Flash Attention: 2-4× reduction in attention activation memory. O(N) memory vs O(N²) for standard attention. Does not affect KV cache size.

Pipeline

# 1. Extract
python ryan_gpt_data/extract_wikipedia.py --out data/wikipedia/wiki_text.txt
python ryan_gpt_data/extract_C4_news.py --out data/c4/c4.txt

# 2. Combine
cat data/wikipedia/wiki_text.txt data/c4/c4.txt > data/combined/all_text.txt

# 3. Tokenize (BPE)
python ryan_gpt_basics/train.py tokenize \
  --input data/combined/all_text.txt \
  --output_dir data/tokenized \
  --vocab_size 16000

# 4. Pretrain
python ryan_gpt_basics/train.py train \
  --train_data data/tokenized/all_text.npy \
  --output_dir runs/pretrain \
  --vocab_size 16000 --context_length 512 \
  --num_layers 6 --d_model 320 --num_heads 5 --d_ff 1280 \
  --batch_size 32 --gradient_accumulation_steps 2 \
  --max_steps 80000 --lr 6e-4 --min_lr 6e-5 --warmup_steps 2000

# 5. Finetune
python ryan_gpt_basics/train.py finetune \
  --checkpoint runs/pretrain/checkpoints/ckpt_final.pt \
  --train_data data/dailydialog/train.npy \
  --val_data data/dailydialog/val.npy \
  --output_dir runs/finetune \
  --max_steps 1000 --lr 3e-5 --min_lr 3e-6 --warmup_steps 50

# 6. Deploy
cp runs/finetune/checkpoints/ckpt_final.pt models/finetune/ckpt_final.pt
python webapp/app.py

Distributed Training Primitives

This repository also contains the implementation code for the Distributed Training series on my blog.

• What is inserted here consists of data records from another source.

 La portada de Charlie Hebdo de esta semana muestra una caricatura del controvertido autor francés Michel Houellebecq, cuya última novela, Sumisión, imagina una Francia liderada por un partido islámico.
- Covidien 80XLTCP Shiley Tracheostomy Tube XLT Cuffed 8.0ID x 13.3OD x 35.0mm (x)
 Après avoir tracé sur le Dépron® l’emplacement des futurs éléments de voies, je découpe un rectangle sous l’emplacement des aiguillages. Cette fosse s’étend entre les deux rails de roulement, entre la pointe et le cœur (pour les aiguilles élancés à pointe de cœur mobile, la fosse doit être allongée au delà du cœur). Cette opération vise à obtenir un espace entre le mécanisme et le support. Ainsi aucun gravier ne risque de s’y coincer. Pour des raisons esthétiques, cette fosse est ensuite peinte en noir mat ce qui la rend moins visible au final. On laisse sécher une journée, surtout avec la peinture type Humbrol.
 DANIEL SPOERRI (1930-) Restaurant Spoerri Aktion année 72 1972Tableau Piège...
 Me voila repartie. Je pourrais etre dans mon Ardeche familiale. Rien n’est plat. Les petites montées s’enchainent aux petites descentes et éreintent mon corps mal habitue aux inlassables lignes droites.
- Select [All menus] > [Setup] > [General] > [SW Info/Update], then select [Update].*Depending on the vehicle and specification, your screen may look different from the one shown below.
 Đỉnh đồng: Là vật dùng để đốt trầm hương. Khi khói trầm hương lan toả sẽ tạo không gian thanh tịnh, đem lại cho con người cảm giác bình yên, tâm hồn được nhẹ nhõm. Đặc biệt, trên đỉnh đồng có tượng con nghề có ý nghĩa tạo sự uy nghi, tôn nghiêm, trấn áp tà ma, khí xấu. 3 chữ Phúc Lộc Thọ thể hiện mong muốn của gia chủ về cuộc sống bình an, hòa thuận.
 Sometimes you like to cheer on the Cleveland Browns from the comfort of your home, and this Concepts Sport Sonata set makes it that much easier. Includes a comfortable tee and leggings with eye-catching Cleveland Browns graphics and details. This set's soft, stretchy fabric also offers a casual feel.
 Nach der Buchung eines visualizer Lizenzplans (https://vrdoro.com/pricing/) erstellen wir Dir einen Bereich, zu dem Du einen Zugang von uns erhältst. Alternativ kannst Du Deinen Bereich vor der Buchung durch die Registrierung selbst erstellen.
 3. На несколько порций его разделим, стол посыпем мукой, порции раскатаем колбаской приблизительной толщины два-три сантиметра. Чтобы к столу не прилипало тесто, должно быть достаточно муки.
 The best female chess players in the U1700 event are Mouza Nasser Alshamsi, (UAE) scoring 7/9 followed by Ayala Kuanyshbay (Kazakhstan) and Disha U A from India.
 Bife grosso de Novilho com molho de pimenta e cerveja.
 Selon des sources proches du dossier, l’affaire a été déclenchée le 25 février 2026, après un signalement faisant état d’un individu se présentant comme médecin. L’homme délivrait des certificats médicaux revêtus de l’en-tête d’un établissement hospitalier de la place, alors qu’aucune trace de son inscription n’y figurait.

The goal is not to replace PyTorch DDP, but to understand how they work by building them component by component and validating them on a single consumer GPU (RTX 3060).

Supported Strategies

Strategy	Description	Blog Post
`single`	Standard single-process training	Part 1
`ddp_flat`	Naive all-reduce per parameter	Part 2
`ddp_bucketed`	Coalesced gradient buckets	Part 3
`zero`	Optimizer state sharding + DDP	Part 3
`tensor_parallel`	Column/Row parallel layers	Part 4

Running the Distributed Code

The codebase supports switching between different parallelism strategies via the command line.

Note: If you run torchrun on a machine with fewer GPUs than the requested nproc_per_node, the code automatically falls back to Simulation Mode (using gloo backend on a single device) to verify logic correctness.

1. Distributed Data Parallelism (DDP)

Spin up 4 processes to train a model using data parallelism.

# Standard PyTorch DDP
torchrun --nproc_per_node=4 train.py --strategy ddp

# Custom Bucketed Implementation (from Part 3)
torchrun --nproc_per_node=4 train.py --strategy ddp_bucketed

2. Optimizer Sharding (ZeRO)

Train using optimizer state sharding to reduce memory usage:

torchrun --nproc_per_node=4 train.py --strategy zero

3. Tensor Parallelism

Train with layer-wise model partitioning:

torchrun --nproc_per_node=4 train.py --strategy tensor_parallel

Benchmarking

To validate correctness and compare memory usage across strategies:

torchrun --nproc_per_node=4 benchmark_strategies.py --quick

This outputs Correctness Checks (weight sync verification), Peak VRAM usage, and Throughput.

Acknowledgments

Project inspired by Stanford's CS336: Language Modeling from Scratch. Implementation, training pipeline, and model are my own.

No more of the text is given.